# Introduction
This notebook contains the code enabling transformation of an OCEL 2.0 log file to tEKG in live mode.

In [1]:
import time

In [2]:
import pm4py
import pandas as pd
import numpy as np
from datetime import datetime
from itertools import product
from neo4j import GraphDatabase

# Setup 
This section sets the initial variables and sets the environment.

In [3]:
# The notebook is set to transform the running example. 
# To transform other logs, you only need to set the log name properly using the experiment_name variable. It works if the log is in jsonocel format. 
# If your log is in another format, please refine the file_path variable. In this case, you also need to modify the pm4py.read.read_ocel2_json function in the next block to use the correct PM4Py function to read the correct format.
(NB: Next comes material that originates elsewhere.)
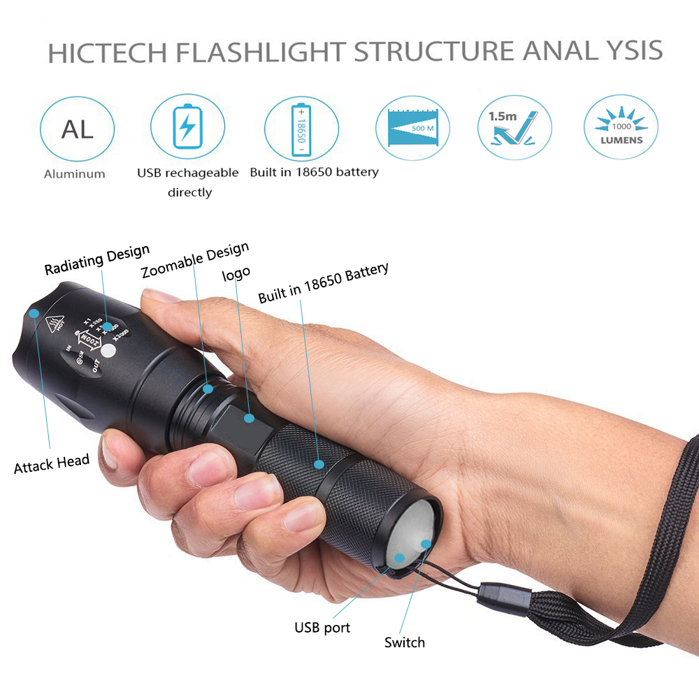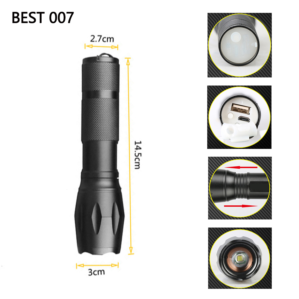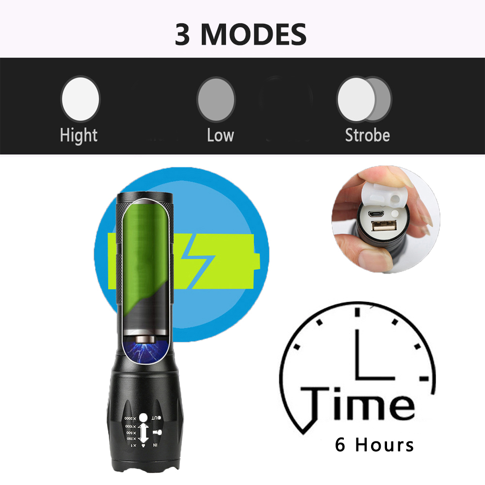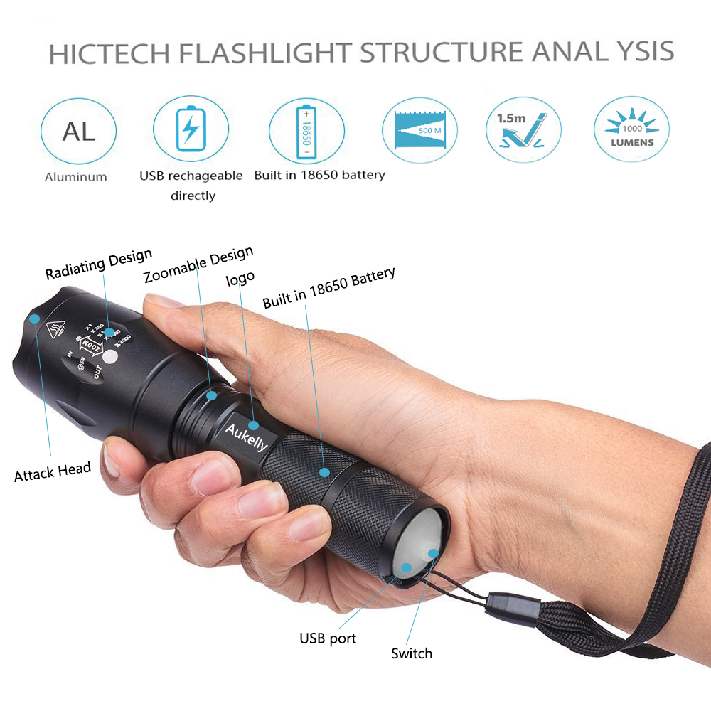 Aukelly High Power Rechargeable L2 Tactical Zoom Telescopic LED torch

experiment_name = 'runningExample-course'
file_path = './ocel2/'+experiment_name+'.jsonocel'
experiment_path = './experiments/live_'+experiment_name+'.json'

In [4]:
# legend
# -------------------------------------------------------------------------------------------------
# Any number corresponds to the algorithm 1 line number in the paper
# The section within [] is within the loop given by the number before the open bracket.
# The section within () is within the if statement given by the number before the open parenthesis.

lbl_log = 'LOG'
lbl_class = 'CLASS'
lbl_event = 'EVENT'
lbl_entity =  'ENTITY'
lbl_snapshot = 'SNAPSHOT'
lbl_derived = 'DERIVED'
lbl_has = 'HAS'
lbl_observed = 'OBSERVED'
lbl_rel = 'REL'
lbl_corr='CORR'
lbl_df = 'DF'

lbl_meta_node_log = 'node:Log'  # lines 4-6
lbl_meta_node_class = 'node:Class' # lines 7-9
lbl_meta_node_event = 'node:Event' # lines 10[11-12]
lbl_meta_node_entity = 'node:Entity' # lines 15[16-17]
lbl_meta_node_snapshot = 'node:Snapshot' # lines 15[18,19[20-21]]

# lbl_meta_node_reified = 'node:Reified' # lines 34[35-37] includes the two following
lbl_meta_node_entity_reified = 'node:Reified_Entity' 
lbl_meta_node_snapshot_reified = 'node:Reified_Snapshot'

lbl_meta_rel_log_has_event = 'rel:has' #lines 10[13]
lbl_meta_rel_event_observed_class = 'rel:observed' #lines 10[14]
lbl_meta_rel_entity_snapshot_snapshot = 'rel:snapshot'  # lines 15[18,19[22]]
lbl_meta_rel_snapshot_rel_update_snapshot = 'rel:rel:SnapshotUpdate'  # lines 15[18,23[24(25)]]
lbl_meta_rel_entity_rel_entity = 'rel:rel:Entity' # lines 27[28]
lbl_meta_rel_snapshot_rel_snapshot = 'rel:rel:Snapshot' # lines 27[29[30,31[32(33)]]]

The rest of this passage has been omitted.